Como se manter equilibrada diante dos desafios e superações das mães na quarentena

Ser mãe é essencialmente saber amar. Significa dar afeto, estimar, proteger, cuidar e esta função maternal não se esgota na relação com os filhos, mas pode ser exercida em relação a todas as pessoas com quem assumimos este papel cuidador e afetivo.

É muito comum encontrarmos mulheres que se questionam se estão sendo boas mães, uma dúvida que traz consigo alguma dose de angústia e de sofrimento. O desempenho de vários papéis em simultâneos por parte da mulher, tais como de mãe, esposa, profissional, filha, dona de casa, pode trazer uma pressão psicológica excessiva que acaba por gerar sentimentos de falha e culpa.

Agora acrescente nessa mistura a pandemia, com confinamento há mais de um ano com os filhos, trabalho, rotina da casa… tudo junto e misturado! Desafiador, né?

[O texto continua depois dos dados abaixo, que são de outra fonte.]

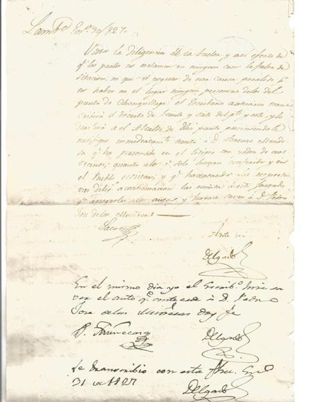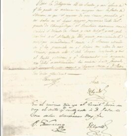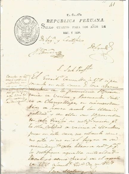 Manuscrito e impressão, 1827, com texto impresso "Um quarto / República Peruana / Quarto selo para os anos de 1827 e 1828" correspondência oficial em que o escrivão José Matías Delgado faz a consulta ao subprefeito de Lambayeque, o indicando sobre a possibilidade de envio de notificação a José Lorenzo Mendoza como cidadão ou Procurador do Distrito de Chongoyape, nos Municípios que foram extintos por causa de disputa dos moradores deste local. Assinado por Delgado em 30 de janeiro de 1827. Apresenta ainda transcrição do escrivão Sr Pedro José de las Muñecas em 31 de janeiro de 1827. Estado regular de conservação, com a presença de manchas leves de sujidade e de umidade.

Tanto para a mãe que tem ajuda como para a que não tem é difícil trabalhar, cuidar da casa, das crianças, dos animais de estimação e fazer diversas outras tarefas, neste período de quarentena, onde todos têm que ficar o máximo possível dentro de casa. Muitas estão esgotadas fisicamente e emocionalmente, e esse esgotamento, junto com o medo e a incerteza do que vai acontecer, podem ocasionar um surto. 

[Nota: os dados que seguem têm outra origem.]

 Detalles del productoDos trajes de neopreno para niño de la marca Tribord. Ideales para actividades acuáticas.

Dicas para reduzir o estresse em casa

Antes desse período, quando uma pessoa estava prestes a ter uma crise, o recomendado era para que ela se afastasse, saísse para caminhar, etc., e só voltasse quando estivesse se sentindo melhor. No atual cenário isso não é recomendado e muitas mães não têm com quem deixar os filhos nem para ir ao mercado, quem dirá para caminhar. Sendo assim, essa mãe terá que se acalmar dentro de casa, procurar um local calmo e avisar para as crianças que precisa se afastar um pouco.

Beba bastante água e respire profundamente por dois minutos, coloque uma música que te deixe relaxada, reflita sobre o que aconteceu e volte para perto das crianças quando estiver mais calma.

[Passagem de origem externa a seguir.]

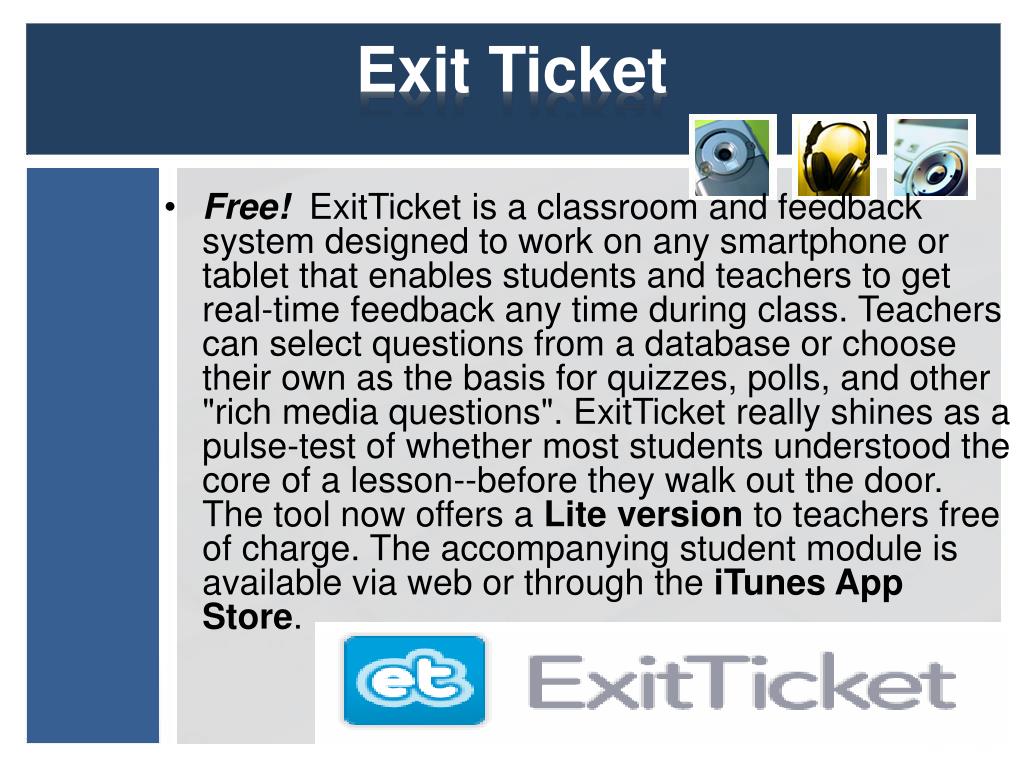 Exit Ticket • Free!ExitTicket is a classroom and feedback system designed to work on any smartphone or tablet that enables students and teachers to get real-time feedback any time during class. Teachers can select questions from a database or choose their own as the basis for quizzes, polls, and other "rich media questions". ExitTicket really shines as a pulse-test of whether most students understood the core of a lesson--before they walk out the door. The tool now offers a Lite version to teachers free of charge. The accompanying student module is available via web or through the iTunes App Store.

Permita-se parar, faça essa “pausa obrigatória”. A vantagem de ter seu filho a poucos passos de distância,  permite abraçá-lo sempre que tiver vontade, ver sua alegria em pequenas coisas e escutar sua risada por toda a casa. Para que esses dias sejam mais leves e você possa aproveitar com as crianças, compartilhe com eles algumas tarefas da casa, ensine e peça ajuda. Eles vão se divertir com uma simples atividade de fazer a cama ou preparar o café da manhã e você vai poder relaxar um pouco. 

E não esqueça, a culpa é um sentimento muito comum entre as mães que, acertando ou errando, permanece nela. Pegue leve com você mesma, não se cobre tanto e aceite que não precisa dar conta de tudo! 

Cuide da sua saúde emocional e se precisar peça apoio profissional, pois só quando estamos bem é que conseguimos cuidar do próximo.